We never make the national news by winning Pulitzer or Nobel prizes. We don’t cure cancer, broker peace, discover cheap, clean energy sources, invent labor-saving devices that change the world or write books that give millions of Americans a new outlook on life.
Instead, we sue each other over the paternity of puppies, get arrested for snorting toad slime, repeatedly report seeing Big Foot, won’t let a high school kid play basketball because his hair is too long, and – Holy Harper Valley PTA! – gang up on a local mom because the skirts she made for the grade-school cheerleading squad are way too short. All this, of course, makes the Big City news.
When a local cop shot himself in the foot while showing a reporter the department’s new sidearms, the late, legendary Paul Harvey made sure we yokels made his radio show. When blackbirds snatched the wig off a shopper’s head at the Sonora Safeway, the wire services snatched up the story just as quickly. And when Russian cyber-raiders commandeered the local Farm Advisor’s Web site and offered “Porn Tryouts” and “Orgy Machine” instead of “Begonias for Beginners,” all of California found out.
Since this trend is unlikely to change, we should probably make the best of it.
Consider this: The two seniors caught in flagrante delicto have already been lionized by at least half the online commentators. “If they were my grandparents, I would be PROUD,” wrote one. “This is what family legends are made of,” echoed another. “I have just found my two new idols,” gushed a third.
That the backseat lovers, according to those at the restaurant, carried on for nearly 30 minutes and looked much younger than their actual years only enhances the story. (And doubles the county’s annual quota of fame).
So is there something in our foothill air or in the Tuolumne Utilities District ditch water we drink that enhances libido? If so, let’s get the Visitors Bureau and Economic Development Authority on it.
Touting Tuolumne County as the headwaters of a fountain of sexual youth could, pardon the expression, pump millions of dollars into our economy.
But maybe it was just the chicken.
“Some people are saying it has magical properties,” laughed Rachael Shevlin, owner of Doc’s Barbecue and Burgers on Sonora’s Stockton Street.

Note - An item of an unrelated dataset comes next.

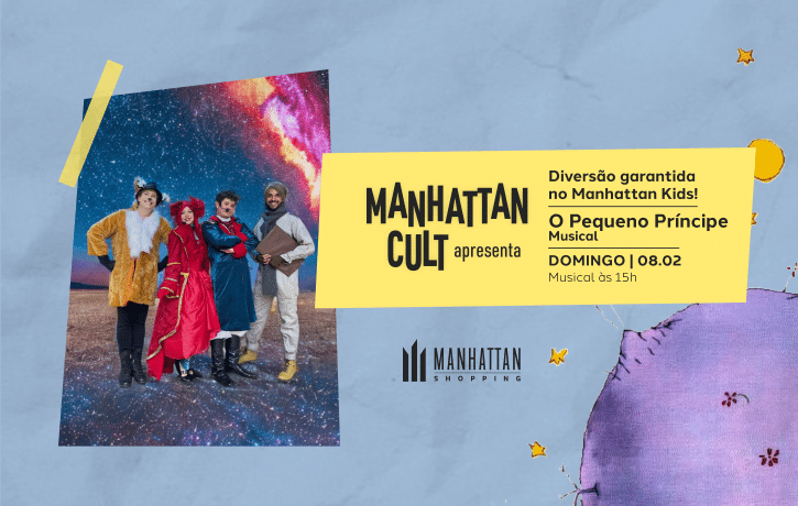 As férias em Águas Claras ficaram ainda mais divertidas! No domingo, dia 08 de fevereiro às 15h, o Manhattan Kids traz o musical de “O Pequeno Príncipe” na programação especial de férias. Durante os dias de apresentação, o shopping promove distribuição gratuita de pipoca, tornando a experiência ainda mais lúdica para a criançada.

Doc’s, of course, is where the soon-to-be-passionate couple met.
“They both ordered chicken,” said Shevlin, who wasn’t at all bothered that the sweethearts were hitting it off. Until, that is, they paid up, retreated to the woman’s Taurus, and didn’t have the time, inclination or discretion to drive five minutes to an even slightly more secluded venue.
“I called the police,” Shevlin confessed. “I mean, they were parked right out front and people were looking out from the restaurant and going, ‘WHHAAT?’ With customers coming in and going, I had no choice.”

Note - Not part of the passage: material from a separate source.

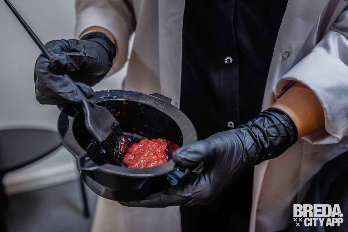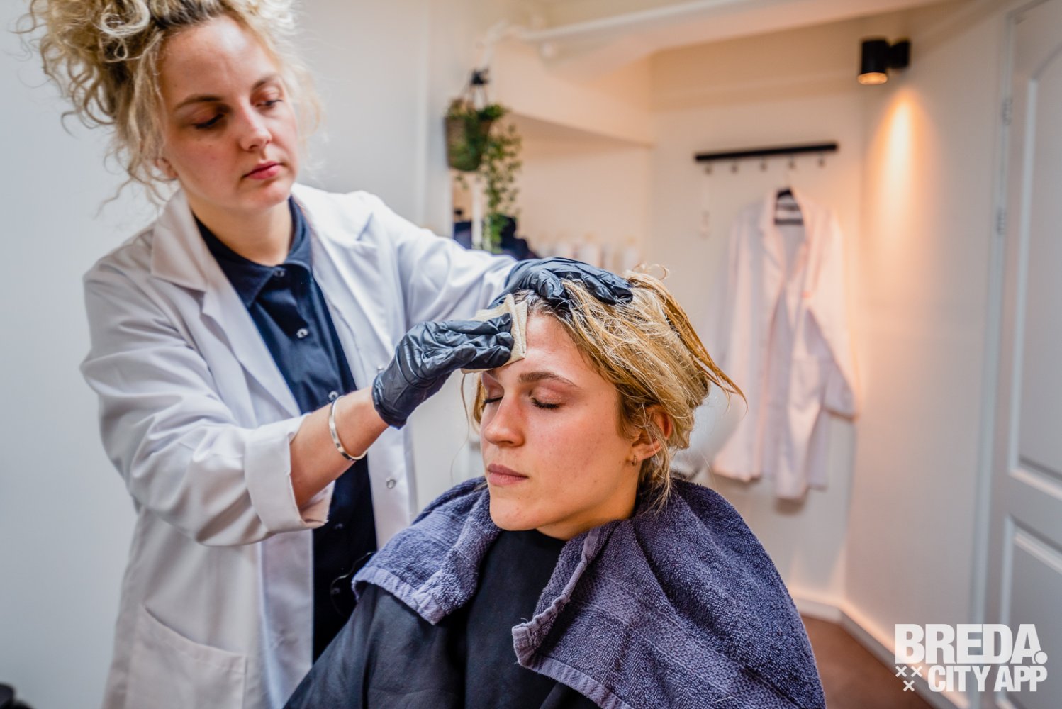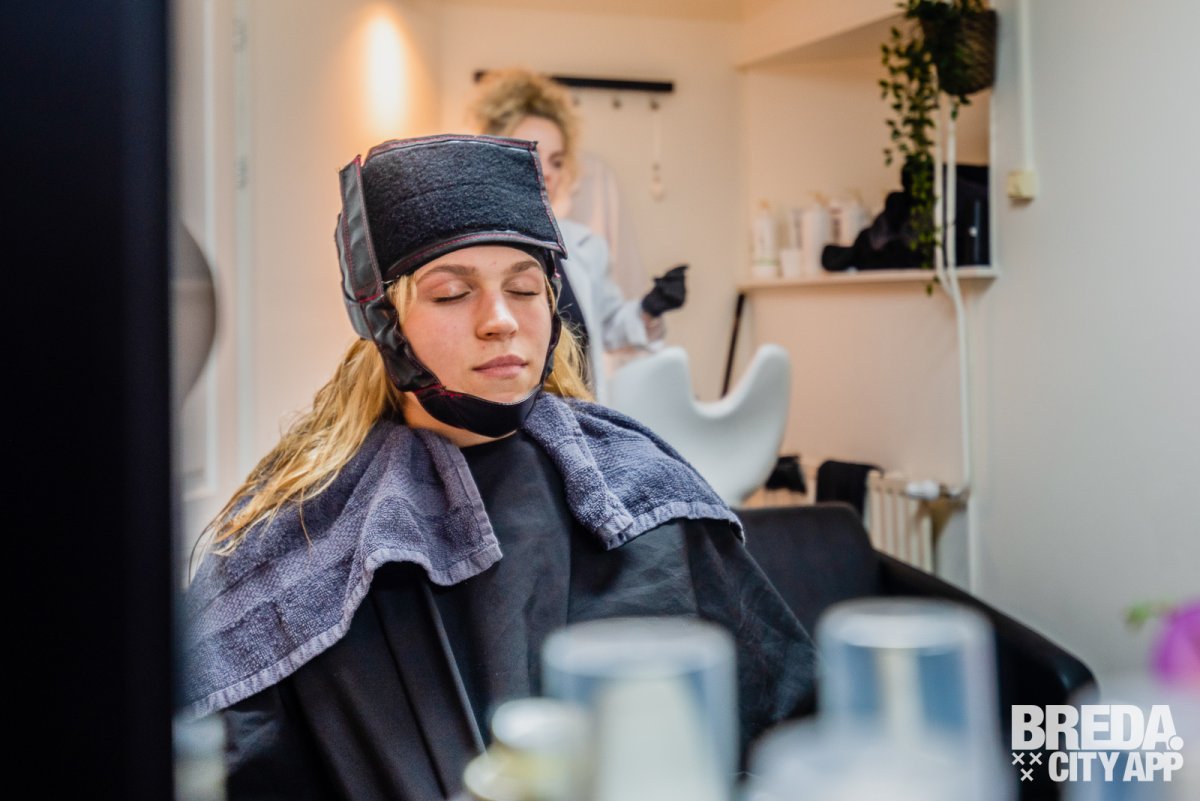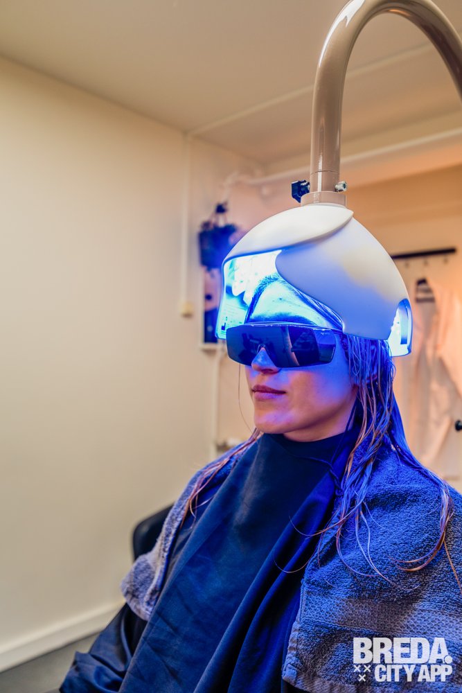 Hierna kan de behandeling beginnen. Er wordt een relaxt muziekje aangezet en een kaarsje aangestoken. De behandeling begon met een grondige reiniging van mijn hoofdhuid met een CRLAB-scrub die is ontworpen om mijn haarzakjes te voeden. Toen ging daar een stoom-/ozonkap overheen om de hoofdhuid week te maken en de poriën te openen. Dit duurde zo’n 10 minuten. Vervolgens ging er een massageband om mijn hoofd om de bloedsomloop te stimuleren en de hoofdhuid los te maken. Ook dit duurde 10 minuten. Een erg apart gevoel in het begin, maar dit gevoel gaat over in volledige ontspanning.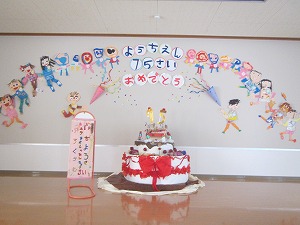 一幼祭 幼稚園の75さいの誕生会をしました。幼稚園が木造の一小校舎の1階にあったころ、そして子どもたちが白いエプロンの園児服を着ていたころの写真を園長先生が見せてくれました。 年長さんの進行で子ど …

Since then, the incident has been a nonstop topic of conversation at Doc’s and, Shevlin says, has brought in more than a few new customers. One driver heading south from Oroville detoured miles out of his way to see the restaurant – and eat the chicken.
Which just might drive would-be diners, lovers, and strangers in the night (or day) to other local restaurants. And a few of them just might – as the couple in question did not – take advantage of one of our many comfortable, cozy and private motels. They might then stay another day to browse and spend in our charming shops.

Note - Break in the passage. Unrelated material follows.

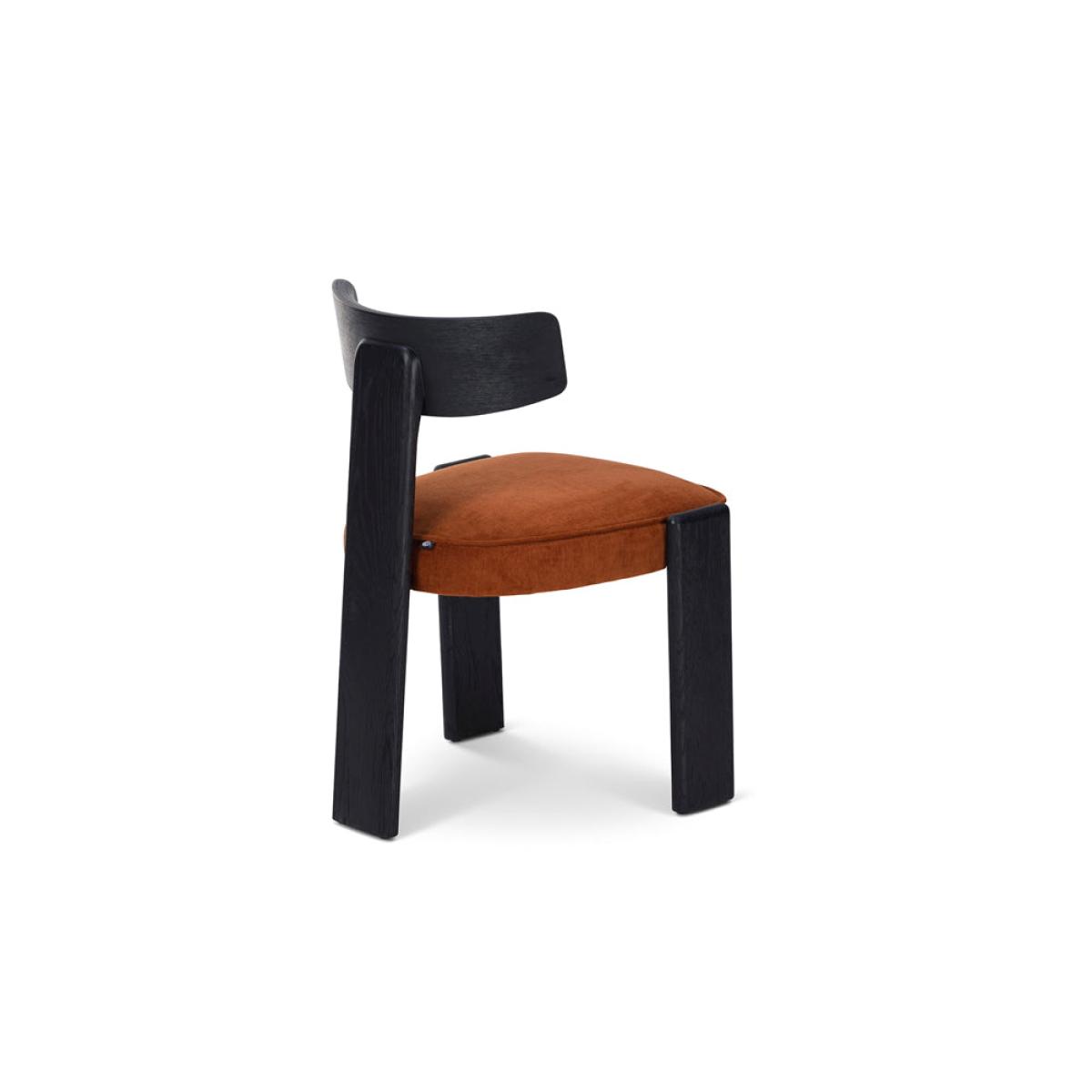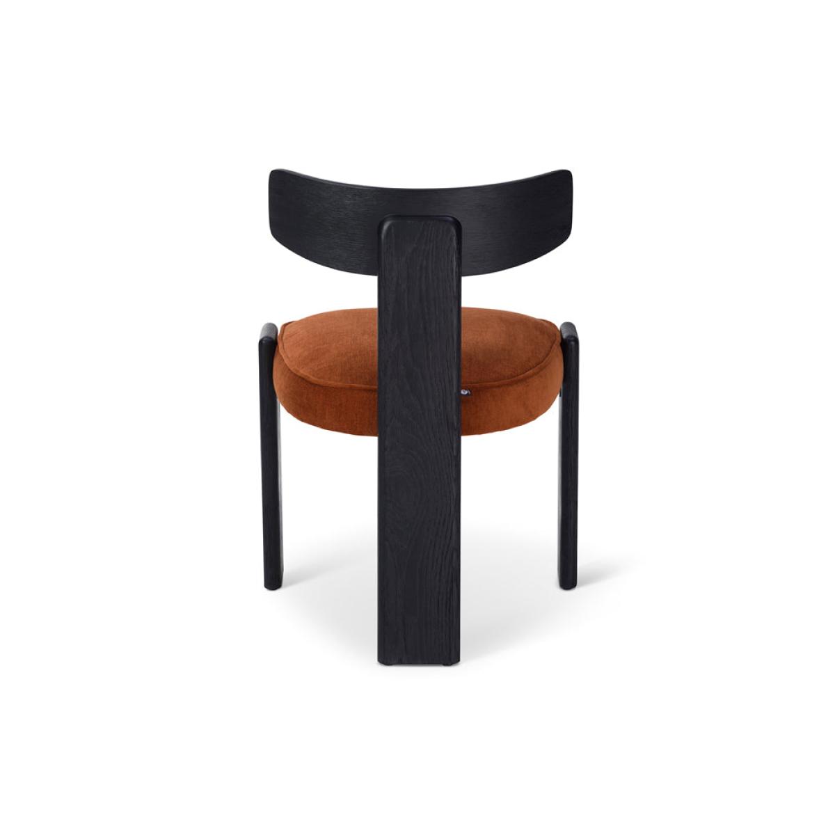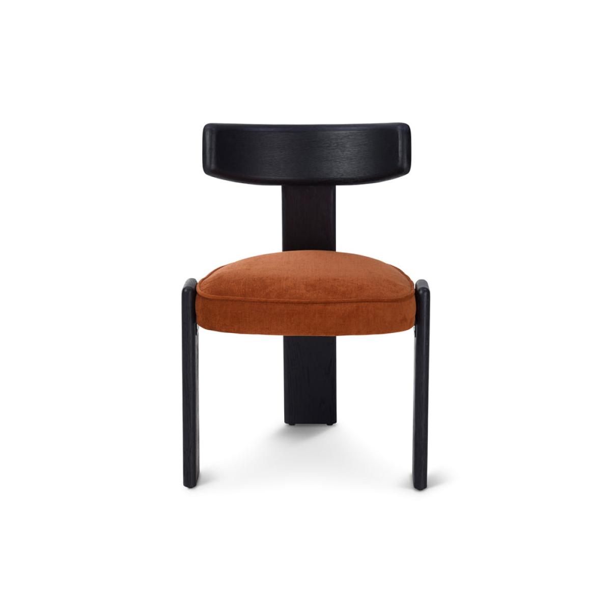 Elevate your dining space with the Albi Dining Chair, where inviting elegance meets unparalleled comfort. Crafted with a Matt Black Solid Oak frame and adorned with luxurious Chenille upholstery in the inviting Morgan Sienna hue, this chair is designed to enhance your dining area. The design of the back rest gives a comfortable support while dining. The rich, burnt orange tones of Morgan Sienna infuse your interior design space with warmth and vibrancy, creating an inviting atmosphere for gatherings. The marriage of the Matt Black Solid Oak frame and the sumptuous Chenille upholstery forms a harmonious blend of sophistication and cosiness. Features:Morgan Sienna Chenille Upholstery: Immerse yourself in the rich, burnt orange hue that adds warmth and character to your dining area. Matt Black Solid Oak Frame:The sturdy and elegant oak frame not only elevates the chair's visual appeal but also ensures longevity for years of enjoyment. Dimensions: H: 1040 cm x W: 595 cm x D: 540 cm Weight: 21 kg Materials: Orange

Given the potential economic stimulus the parking-lot lovers may bring to our community, I urge the district attorney to drop all charges.
Instead we should offer them a token of our appreciation. Like, perhaps, a gift certificate for a night – or an afternoon – at the local Best Western.
Chris Bateman, 66, is a journalist based in Sonora, California, where over the past 40 years he has covered everything under the Central Sierra sun.